Natural resources do not create human wealth. If they did, Japan, Singapore, and Hong Kong would be poor while Nigeria and North Korea would be rich. Alberta’s oil and gas are not intrinsically more valuable than Quebec’s hydro power or Ontario’s proximity to major American markets. Wealth grows from institutions and public policies that foster its creation. Below are the Ten Commandments of the “Alberta Model.” They were not revealed on tablets of stone but worked out by trial and error under sixty years of enlightened conservative government, in which Ernest Manning, Peter Lougheed, and Ralph Klein were the main figures.
1. Avoidance of public debt and investment of fiscal surpluses to help pay for the needs of government.
2. Low taxes. No provincial sales tax and the lowest personal and corporate taxes in Canada.
3. Private-sector development of natural resources. The provincial Crown owns most of the oil and gas, but exploration, production, refining, transportation, and marketing are done entirely by private enterprise. Thank God we never created a “PetroAlberta” to run our major industry.
4. No monopolistic Crown corporations in other areas. Treasury Branches have to compete with other financial institutions. Power generation, automobile insurance, and liquor marketing are dominated by tax-paying, profit-making private enterprise, not bloated, debt-ridden public corporations. We flirted with public ownership in the Lougheed years (Pacific Western Airlines) but got over that failed romance.
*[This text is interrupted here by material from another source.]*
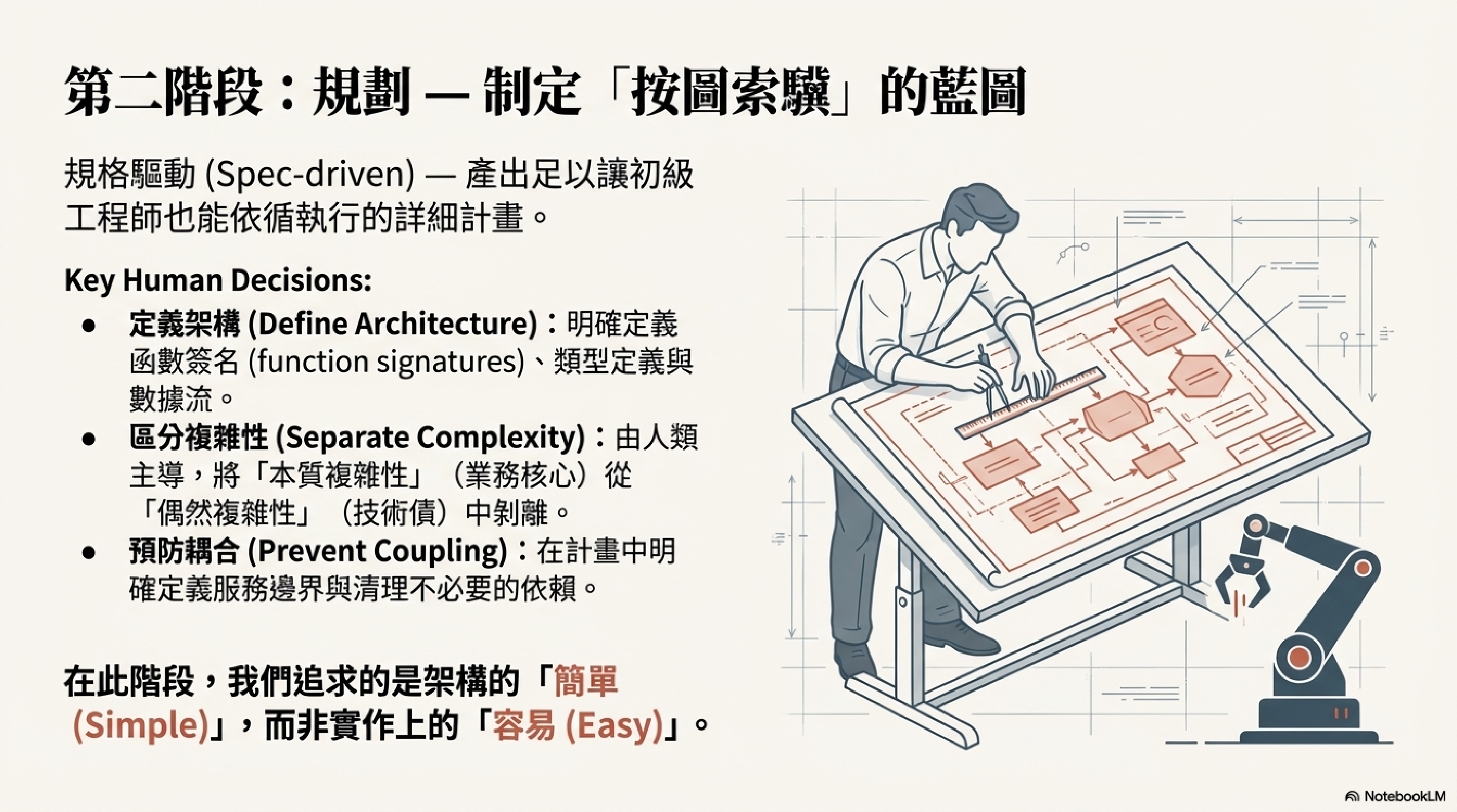 規劃的核心在於「規格驅動(Spec-driven)」,產出足以讓初級人員「按圖索驥(Paint by numbers)」的詳細計畫。

5. No subsidies to business (apart from farmers — no one’s perfectly consistent). Again, we wasted a lot of money on corporate welfare in the Lougheed-Getty years but learned from the experience.
6. The best education results in Canada, aided by frequent testing of both student and school performance as well as by a more or less level playing field for Catholic, other religious, and secular private schools to compete with public education.
7. Reliance on market prices. No rent controls, underpriced hydro, or ridiculously cheap daycare, which subsidizes two-income families at the expense of one-income families.